STGNNks:基于图神经网络、去噪自编码器和k-和聚类的空间转录组数据中的细胞类型识别。
STGNNks: Identifying cell types in spatial transcriptomics data based on graph neural network, denoising auto-encoder, and k-sums clustering.
发表日期:2023 Sep 09
作者:
Lihong Peng, Xianzhi He, Xinhuai Peng, Zejun Li, Li Zhang
来源:
COMPUTERS IN BIOLOGY AND MEDICINE
摘要:
空间转录组技术充分利用了空间位置信息、组织形态特征和转录表达谱。整合这些数据可以极大地推进我们对细胞生物学及形态学背景下的理解。我们开发了一种创新的空间聚类方法,称为STGNNks,通过结合图神经网络、去噪自编码器和k-和聚类,首先对空间解析转录组数据进行预处理,构建一个混合邻接矩阵。接下来,通过基于深层图信息最大化的图卷积网络对基因表达和空间上下文进行整合,学习斑点的嵌入特征。然后,通过基于零膨胀负二项分布(ZINB)的去噪自编码器将学习到的特征映射到低维空间。接下来,结合k-均值聚类和比值割聚类算法,开发了一种k-和聚类算法来识别空间域。最后,在六个10x Genomics Visium数据集上基于伪时空方法实现了空间轨迹推断、空间可变基因识别和差异表达基因检测。
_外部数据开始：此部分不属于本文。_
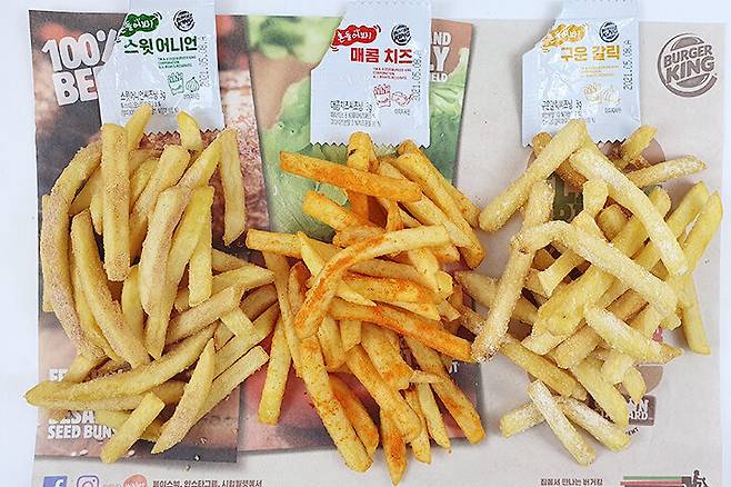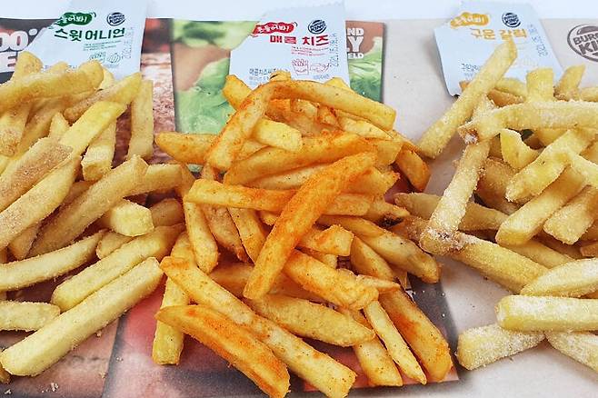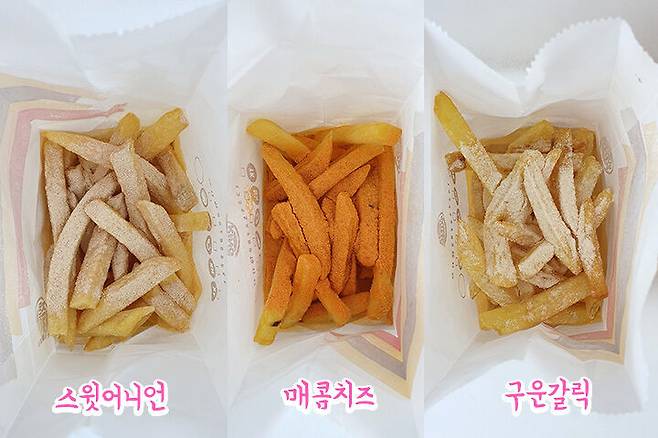 감자튀김과 시즈닝 한 개가 세트! 세 가지 맛이 쪼르륵 있으니 든든하네요.ㅎㅎ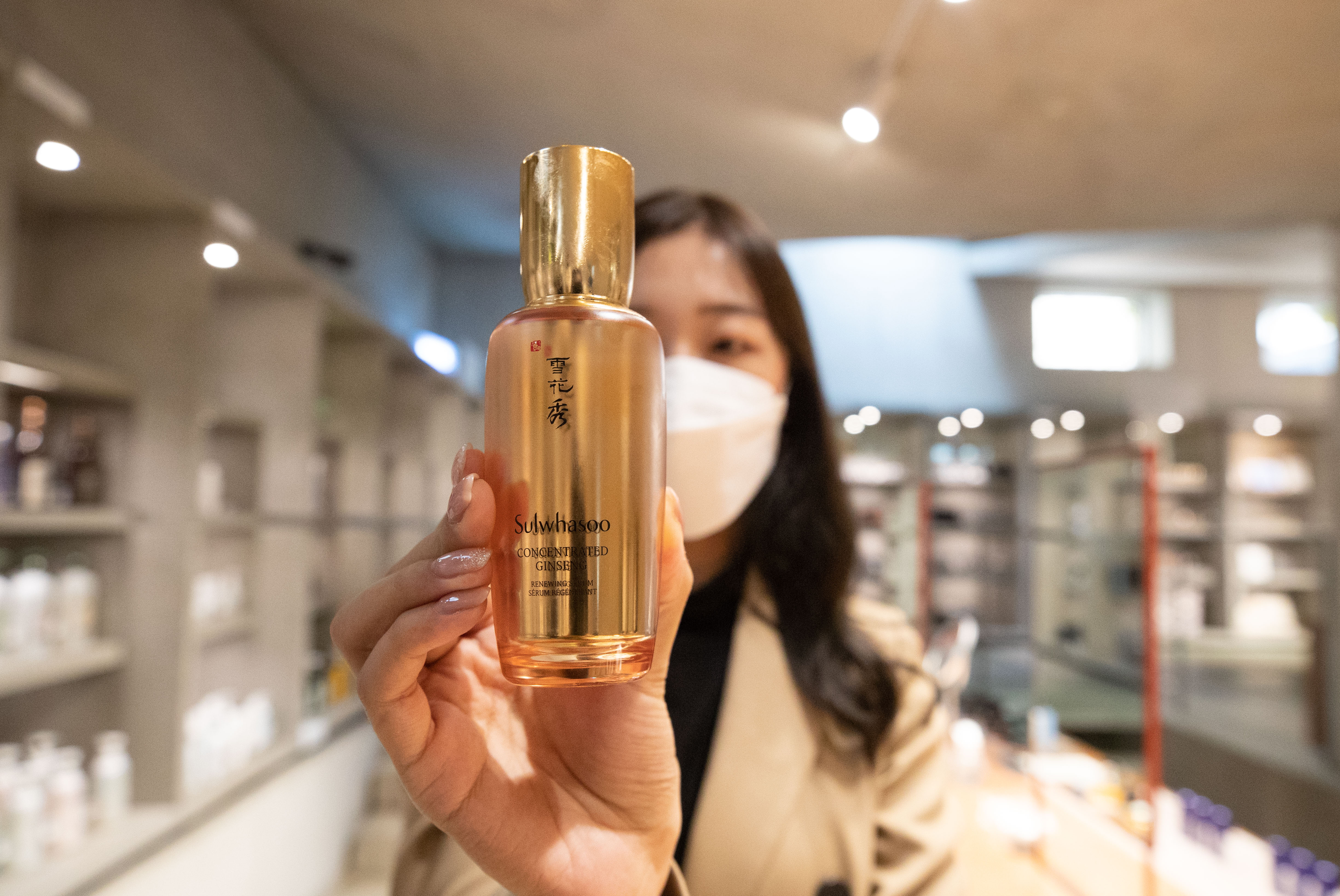 10月27日,一名工作人員在位于韓國(guó)首爾城東區(qū)的愛茉莉圣水美妝體驗(yàn)空間展示將在進(jìn)博會(huì)上推出的新產(chǎn)品。新華社記者王婧嬙攝

我们将我们提出的STGNNks方法与其他五种空间聚类方法CCST、Seurat、stLearn、Scanpy和SEDR进行了比较。首次使用了四个机器学习领域的内部指标(轮廓系数、Davies-Bouldin指数、Calinski-Harabasz指数和S_Dbw指数)来衡量STGNNks与CCST、Seurat、stLearn、Scanpy和SEDR在五个无标签的空间转录组数据集上的聚类性能,并使用调整兰德指数(ARI)和归一化互信息(NMI)来评估以上六种方法在带有真实标签的Human Breast Cancer (Block A Section 1)上的性能。比较实验证明,STGNNks具有最小的Davies-Bouldin和S_Dbw值,最大的轮廓系数、Calinski-Harabasz、ARI和NMI,在上述五种空间转录组分析算法中表现显著优越。此外,我们在上述五个无标签数据集中检测到了每个聚类中的前六个空间可变基因和前五个差异表达基因。通过层次布局的伪时空树图绘制,展示了Human Breast Cancer (Block A Section 1)在三个浸润性导管癌区域到多个原位导管癌亚簇之间的进展流程。我们预计STGNNks能够高效改进空间转录组数据分析,并进一步促进相关疾病的诊断和治疗。代码公开可用,网址为https://github.com/plhhnu/STGNNks。版权所有 © 2023. Elsevier Ltd. 发布。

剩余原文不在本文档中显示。